Some passengers will stay in Amsterdam, but others will use that city’s KLM hub to continue traveling to other places in Europe, the Middle East, or Africa.

If the numbers work, the flight to Paris could have the city saying “mais oui.” And it’s not just because we’ll have a straight shot to the City of Lights. “It would duplicate the economic impact of having the flight we’ve had to Amsterdam for the past 12 years,” says Cox. According to a University of Memphis study, the annual impact of the airport on the region was $21 billion. The economic impact of the Amsterdam flight was $100 million over 10 years.
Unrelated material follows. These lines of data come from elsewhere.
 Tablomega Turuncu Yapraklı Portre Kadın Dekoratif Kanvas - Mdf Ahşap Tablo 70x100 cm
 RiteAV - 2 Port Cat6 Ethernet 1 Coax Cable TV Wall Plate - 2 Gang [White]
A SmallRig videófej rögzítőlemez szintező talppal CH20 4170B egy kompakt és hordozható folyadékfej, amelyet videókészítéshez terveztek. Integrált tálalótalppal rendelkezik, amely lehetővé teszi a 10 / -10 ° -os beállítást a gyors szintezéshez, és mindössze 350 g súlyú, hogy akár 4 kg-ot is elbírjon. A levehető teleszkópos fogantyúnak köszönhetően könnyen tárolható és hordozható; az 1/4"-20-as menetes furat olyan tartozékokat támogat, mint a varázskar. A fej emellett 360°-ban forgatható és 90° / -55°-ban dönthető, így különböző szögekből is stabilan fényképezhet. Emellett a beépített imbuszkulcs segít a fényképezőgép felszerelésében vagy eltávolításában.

“It’s nice to have service to Europe and beyond, but more importantly, it’s the access to our community from the rest of the world,” says Moore, himself a former Northwest executive. “If people don’t have an easy way to get to Memphis, we’ll have a hard time luring international tourists to visit or business people to do business with us. Accessibility is an important factor to any economy.”
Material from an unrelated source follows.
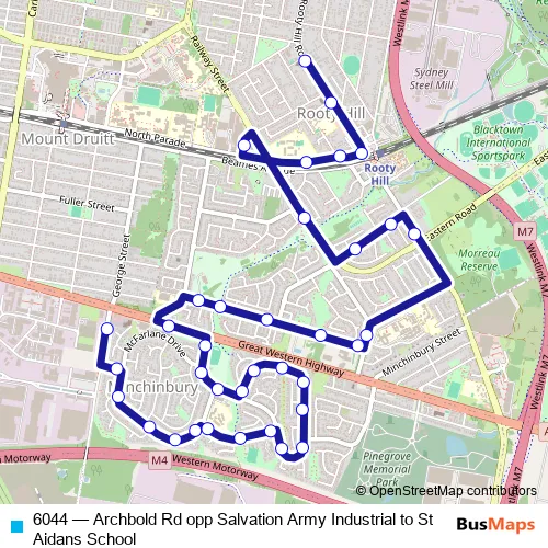 The first stop of the 6044 bus route is Archbold Rd After Great Western Hwy and the last stop is St Aidans Catholic Church, Rooty Hill Rd North. 6044 (Archbold Rd opp Salvation Army Industrial to St Aidans School) is operational during on weekdays.
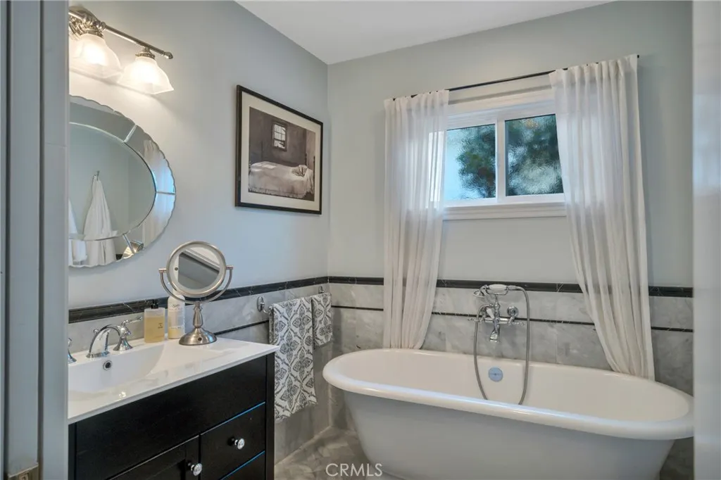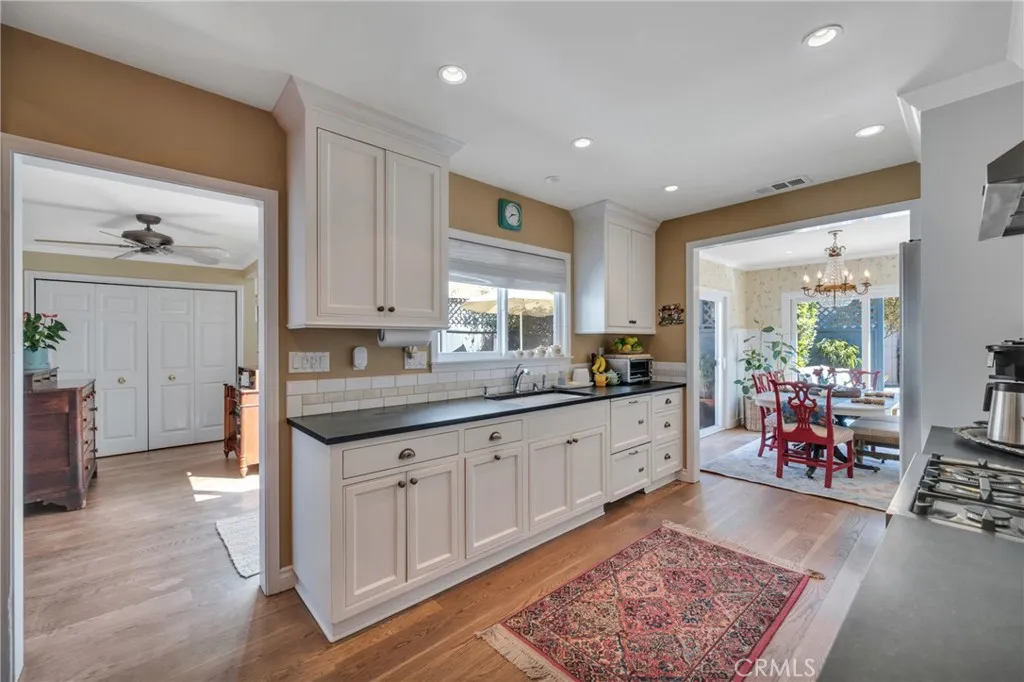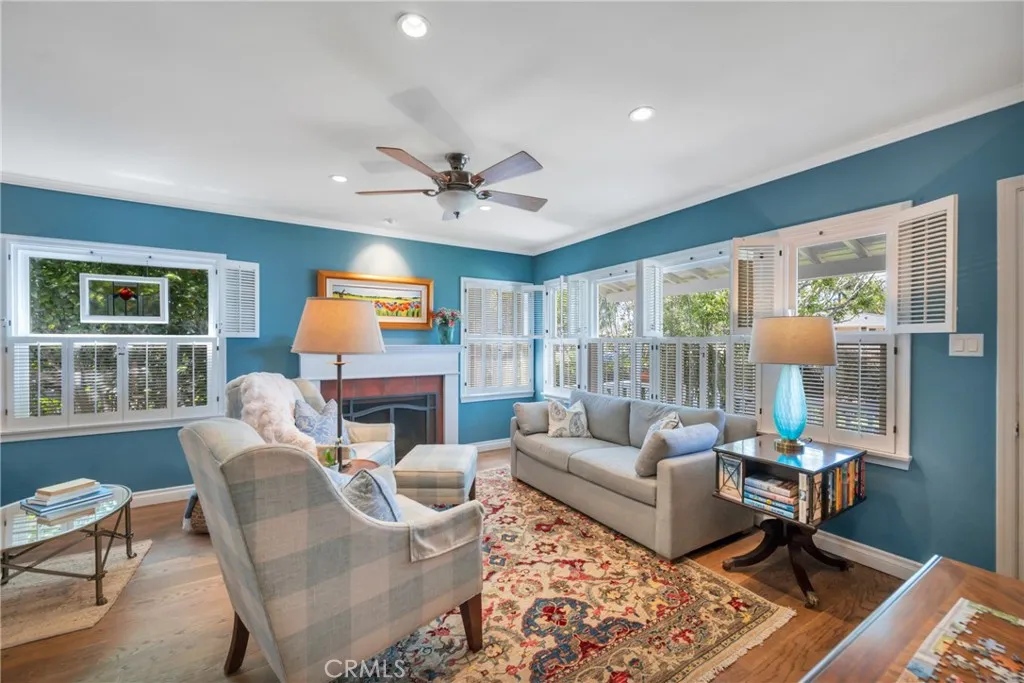 Experience the perfect blend of serenity and sophistication in this private retreat. Enveloped by lush, professional landscaping this home invites you in through a stunning living room, anchored by a classic fireplace and custom built-in bookshelves. The heart of the home features a tastefully remodeled kitchen boasting rich soapstone countertops, and a magnificent built-in china hutch. The main residence offers a versatile layout, including a refined, formal dining room and a breathtaking second floor primary sanctuary. This private level features an expansive sleeping quarters, a massive walk-in closet, and a spa like bath. Downstairs, the guest bath serves as a personal spa with an exquisite soaking tub and premium fixtures. Transition seamlessly to the outdoors through multiple sets of double doors leading to an extraordinary backyard. The property also features a detached 325 square foot bonus dwelling — complete with a kitchenette, full bath, and its own private patio— offering the perfect space for studio, guest house, or a quiet home office. Truly a turn key gem ready for its next chapter.

In fact, accessibility is perhaps more important than location. In December, University of North Carolina professor and urban planner John Kasarda will be in town to talk about his theory that cities should — and will — grow around airports. Calling his city of the future the “aerotropolis,” Kasarda says connectivity will be key in the coming global economy.

Cities at crossroads, be they natural or man-made, have always been areas of growth and prosperity. One has to look a mere hour’s flight east to see that the trend continues today.
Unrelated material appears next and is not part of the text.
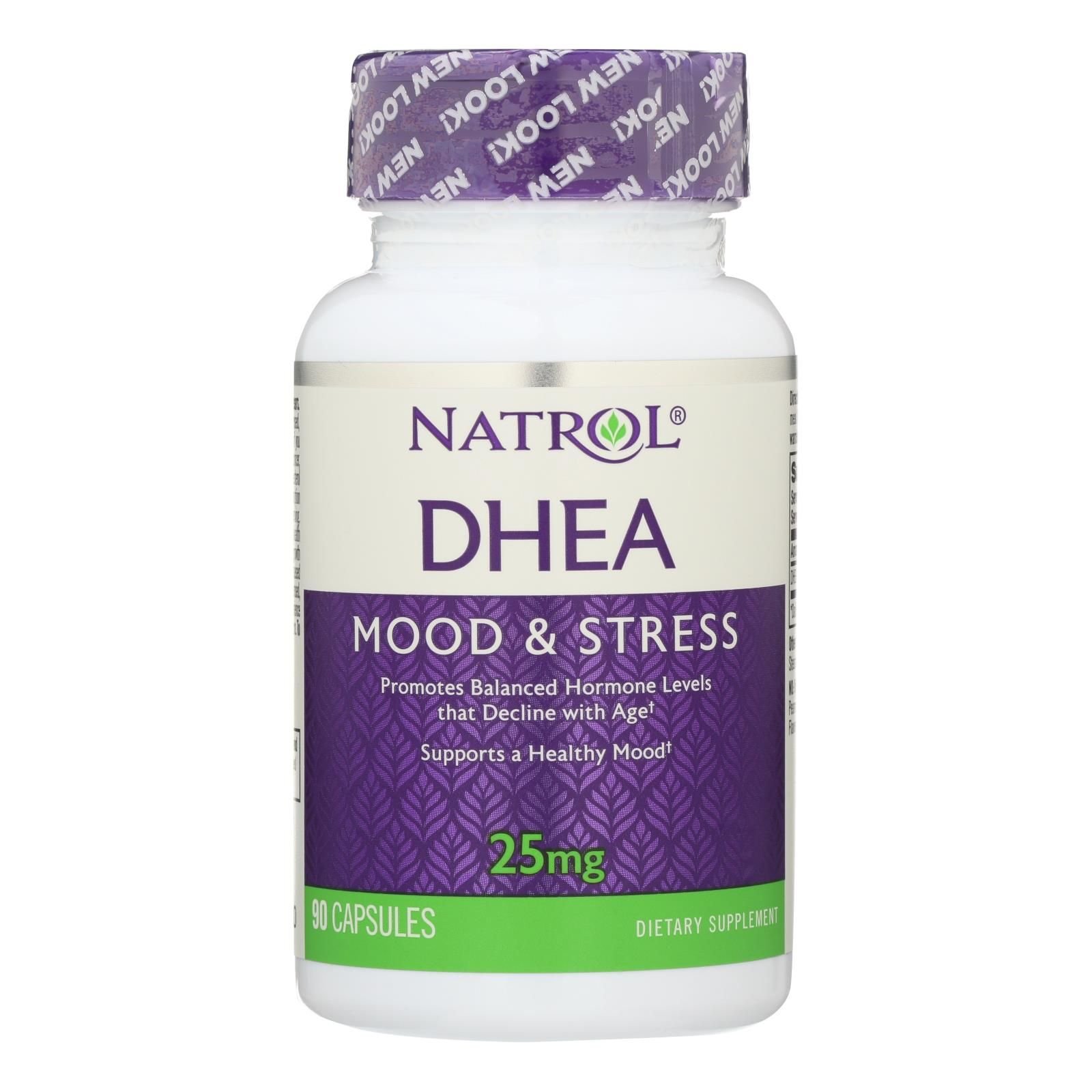 Natrol dhea mood & stress 25 mg. Dietary supplement may help your body balance hormone levels that decrease with age. Designed to help support a healthy mood, this dietary supplement boasts 25 mg. Of dhea formulated to support your overall health and wellness. For best results, take one capsule daily with food. Each bottle holds 90 capsules of dhea.

“Traditionally, if you wanted to fly internationally, you would have to go to an East Coast airport like New York or a West Coast airport like Los Angeles,” says Cox.

While the airline industry was still under federal regulation, Delta began building a hub in Atlanta.

“That’s how the airport grew and the city of Atlanta grew,” says Cox, “because Delta essentially invented the connecting hub. When the airlines were deregulated in 1978, they had a big start. Because they had all this connecting traffic, they were able to start international flights out of Atlanta way before a city like Birmingham or Memphis could.” Now Atlanta has a metro area of over 5 million people and, because of economic growth, a large local market for international flights.

But passengers aren’t the only part of the story.

A piece about the aerotropolis in the July 2006 issue of Fast Company cites staggering statistics: In the past 30 years, global gross domestic product has increased 154 percent but the value of air cargo has risen a dramatic 1,395 percent. Forty percent of the economic value of the world’s goods are shipped by air, as are more than 50 percent of U.S. exports. And Joel Garreau, the cultural-revolution correspondent of The Washington Post, had this to say: “Because of the airport, it’s possible to imagine a world capital in a place that was an absolute backwater.”

Memphis is the world’s busiest cargo airport — and has been for 14 years — but progress may be flying by.

Moore says that at least three cities are building airports to rival ours: Bangkok, Dubai, and Guangzhou, China.

“They have grasped the notion of access,” he says. “The points by which products flow on a global basis are where thriving economies will exist in the future. … They’re saying, let’s be Memphis but better.

“We have to take Memphis and make it better before they do.”